安田講堂を横切り、お昼の楽しみ工学部2号館に入る日比谷「松本楼」へ向かいました。残念ながら、団体貸切の都合とかで喫茶のみの営業でした。SUBWAYでランチを頂きました。

さて、地方創生では、国も霞ヶ関の縦割り体制に「横糸」を通すべく、内閣府に地方創生推進部署が設置されています(内閣官房では、まち ひと しごと創生本部)。

東京大学が進める横糸機能を担う組織のひとつに「情報学環(研究組織)・学際情報学府(教育組織)」があります。ちなみに情報学環(研究組織)機能の一翼を担うのが東京大学「福武ホール」です。岡山大学にも福武様(ベネッセ)のご支援により、故福武純子様のJにちなんで命名された「Jホール」と「Jテラス」が建設されています。

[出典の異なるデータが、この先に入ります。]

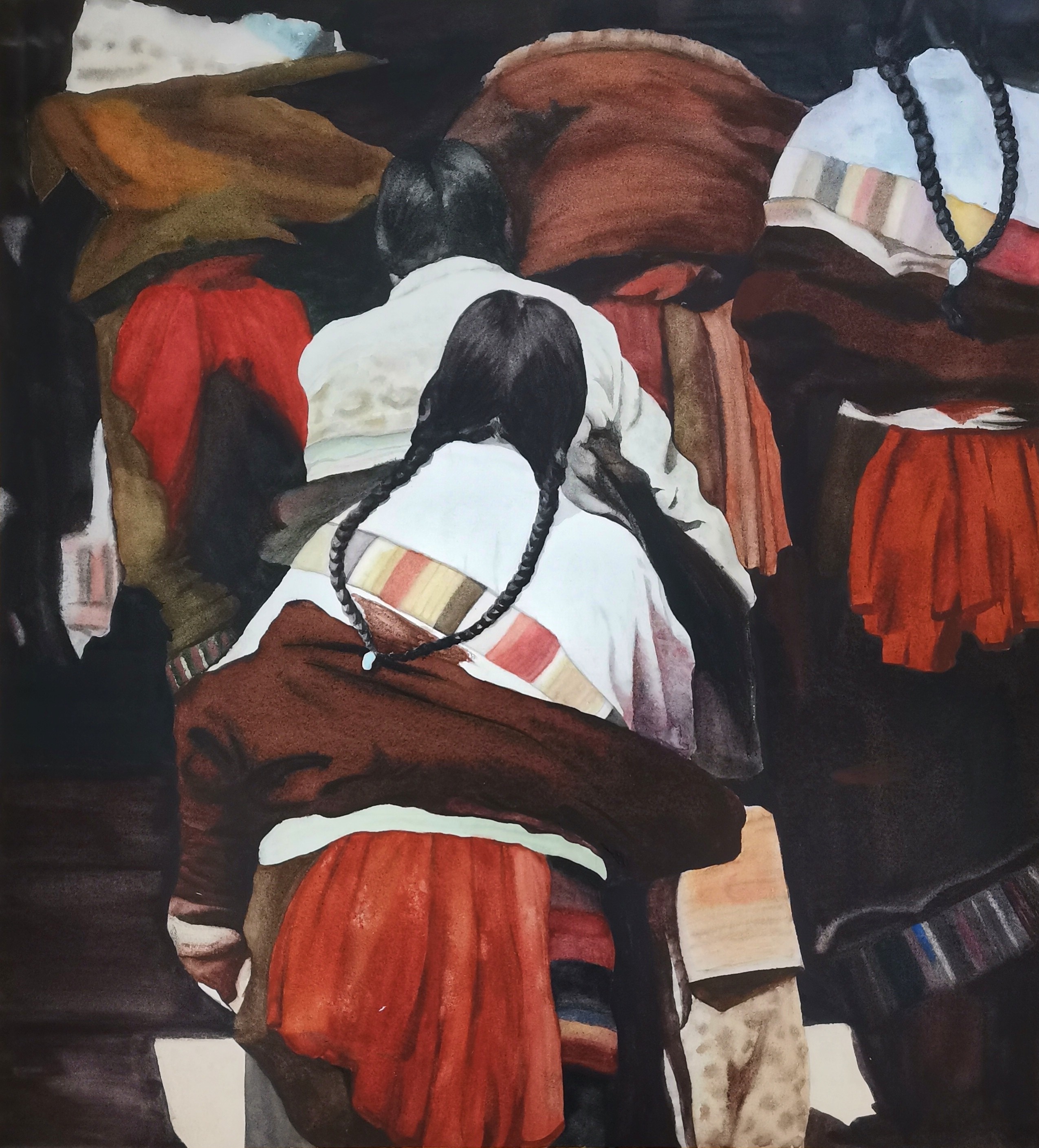 郭梦园  《朝圣的人群》 50cmx50cm  2023年 纸本水彩

さて、この情報学環は、さすが東京大学であり、世界と伍す卓越した研究水準を持つ18の研究科、研究所、センターで「環」=「横糸」の研究組織が構成されています(図は東京大学資料より転載)。一方、岡山大学も11学部7研究科3研究所などを擁する地方大学としては総合大学です。

では、日本を代表する東京大学と地方に位置する岡山大学の類似性と相違性を、岡山大学として何処に見出すべきか、これが自らに課した東京大学出張のテーマであります。

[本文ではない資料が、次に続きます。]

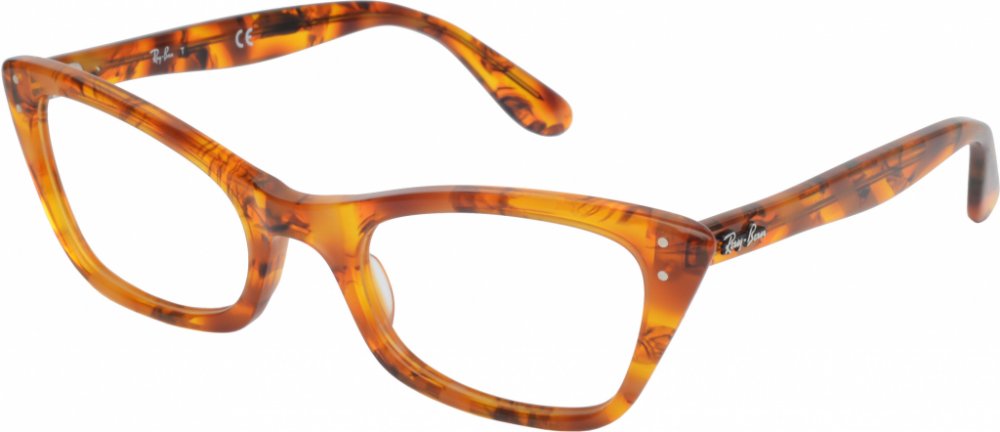 Dámské dioptrické brýle RB 5499 LADY BURBANK z aktuální kolekce značky Ray-Ban. Výrazné plastové obruby úzkého kočičího tvaru v jantarově žíhané barvě zdobí pouze dvě malé kovové tečky v přední části očnice a logo Ray-Ban na stranicích.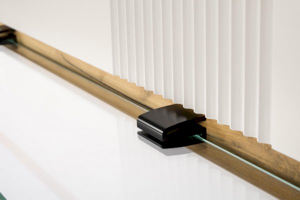 • На вертикальной панели, которая крепится к стене с помощью специальных навесов, закреплена стеклянная полка при помощи туканов.

まず類似性は、研究水準のレベル(ランキング)に関する議論は別として、総合大学としての総合力を如何に発揮すべきかが課題となります。すなわち、岡山大学は東京大学が推進する「環」=「横糸」の考え、施策から何を学ぶことができるか議論する必要がありましょう。とりわけ、この発想の源を、東京大学は新聞(マスコミ)研究という社会科学研究領域に持つ点に着目しています。国立大学に人文社会科学系領域不要論が展開される時世にあって、いち早く京都大学が異を唱え論陣を張りました。また、東京大学はその答えを、具体的に組織体制を持って示しています。

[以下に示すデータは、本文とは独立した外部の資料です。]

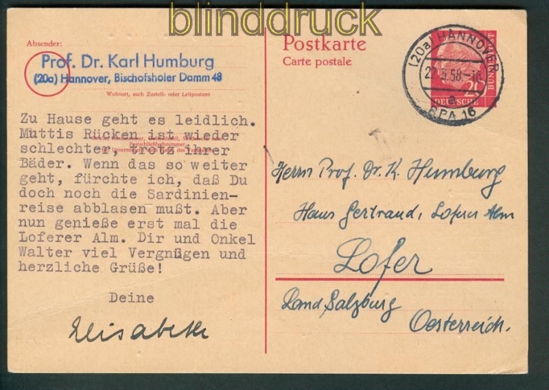 Bundesrepublik Ganzsachenkarte GSK P 20 gebraucht 20 Pfg. Heuss Ganzsachenkarte Auslands-GSK bedarfsmäßig verwendet aus Hannover 22.3.1958 nach Lafer in Österreich Erhaltung siehe Scan

次に、相違点は如何にあるか、大学内部においても盛んに議論が進められていますが、その答えのひとつは、岡山という地域社会が持つ優位性にあると考えられます。岡山では、地域が一体となり、モビリティ研究やスポーツプロモーション研究の分野を皮切りとして、産官学金言民が一体となって議論する環境(まさに「環」=「横糸」)が、「おかやま地域発展協議体」や「おかやま円卓会議」の組成により整いました。そして、地域の諸組織・団体がテーマを持ち寄り、地域社会に横糸を通すべく、積極的に情報交換や課題解決に向けた議論を展開中です。つまり、東京、名古屋、大阪などの大都市では、都市の規模が大きすぎて、大所高所からの議論は出来ても、産官学金言民など都市を構成するメンバーが一堂に会し、市民参加で本音の意見を汲み上げ、議論を重ね、そして社会実装を図るまで「知行合一」を進めるという、緻密で丁寧なプロセスを構築するには限界があると考えられます。
岡山大学は、地域社会が持つ優位性を手がかりとして、総合大学が持つ幅広で複眼的な視座から世界水準を見つめ、最先端の研究と教育(人財育成)を担いつつ、地域の資源として地域社会と一体となり具体的な成果を積み上げることが重要な使命=存在意義のひとつであるとの答えを得ました(あくまで私見であり、必ずしも大学の考え方ではありません)。

岡山大学地域総合研究センターは、今後とも地域のプラットフォームとしての役割を担って参りたいと覚悟と決意を新たにいたしました。